[Question] about perturbation- and gradient-based methods
UdonDa opened this issue · 2 comments
Hi, @daemon !
Thanks for sharing exciting work!
I read your paper. And, I have a question about how to do experiments using perturbation- and gradient-based methods in Section 2.2 Diffusion Attentive Attribution Maps.
You mentioned that gradient methods require to need a back-prop for all T timesteps.
I agree with the problem. However, following the sentence, you wrote that even minor pertubations cause to generate different images.
How did you confirm the problem? I'd like to try both perturbation- and gradient-based methods.

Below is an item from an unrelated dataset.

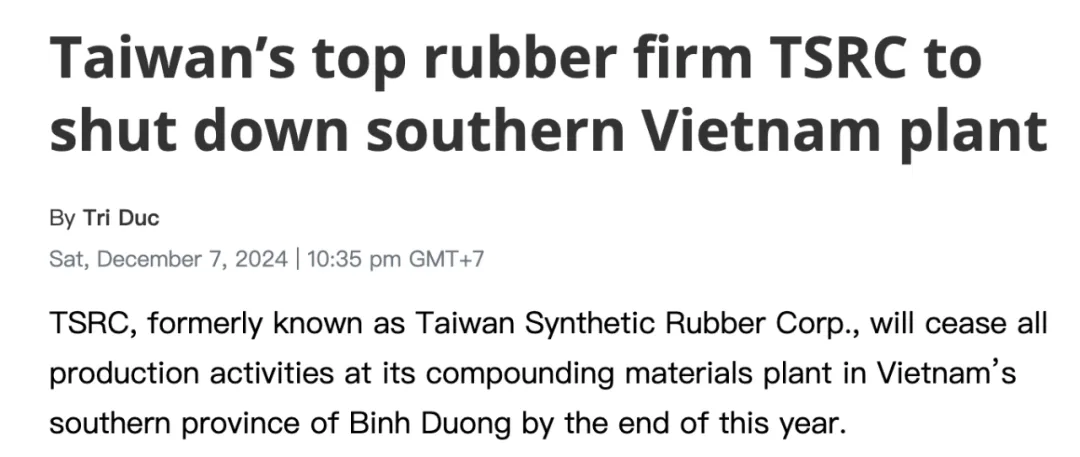 台橡(台湾合成橡胶股份有限公司)将于今年(2024)年底停止位于越南南部平阳省复合材料工厂的所有生产活动。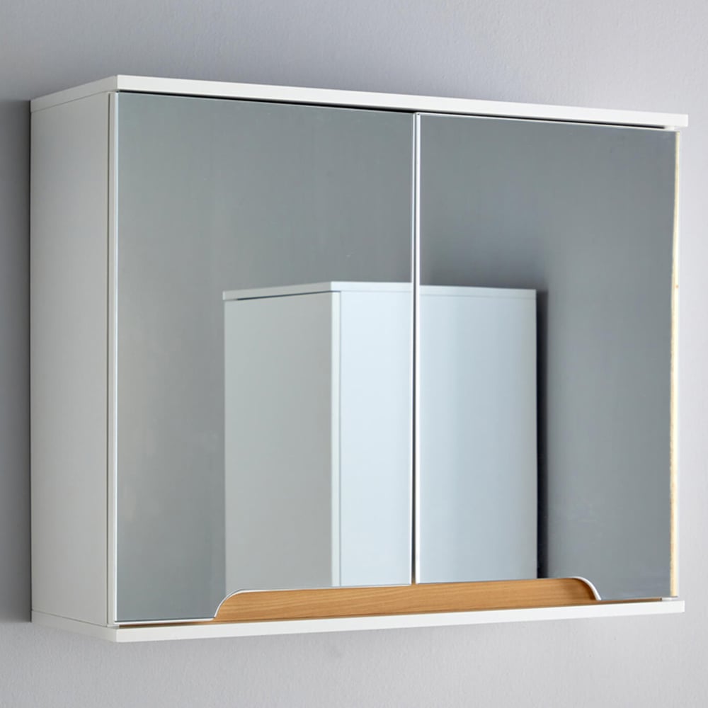 The Florence wall cabinet in white painted finish is an ideal storage piece for your bathroom or cloakroom. Made from fully painted MDF with attractive pine detailing, cut-away handles and mirrored glass doors with soft ground edges. The two doors open and close easily with self-closing hinges, if your wall is a little uneven the door hinges can easily be adjusted too. There is plenty of storage behind the doors with a full-width shelf to maximise the storage space on offer. The unit features a pre-drilled back support rail to make installation easier too. Size = (W) 60cm (D) 20cm (H) 49.4cm.

Would you tell me how I can verify them?
Best regards.
Sure, so for the perturbation-based analysis, I added a small amount of Gaussian noise to each word embedding, then compared differences in the output image. The key difficulty was that the resulting image would often change excessively, at least compared to DAAM. Further, this approach was computationally burdensome, as I needed to perturb every word multiple times for each word in the sentence. For a prompt of, say, 12 words, this would've roughly amounted to ~50 inference passes.
I tried a few things for the gradient-based approach. First, I backpropagated each pixel, which was evidently infeasible. Second, I backpropagated patches of pixels (e.g., 16x16), which, while more feasible, yielded terribly noisy results. Note that for any of this to be possible, I had to block the gradient from flowing backward beyond one time step.
Please reopen if needed.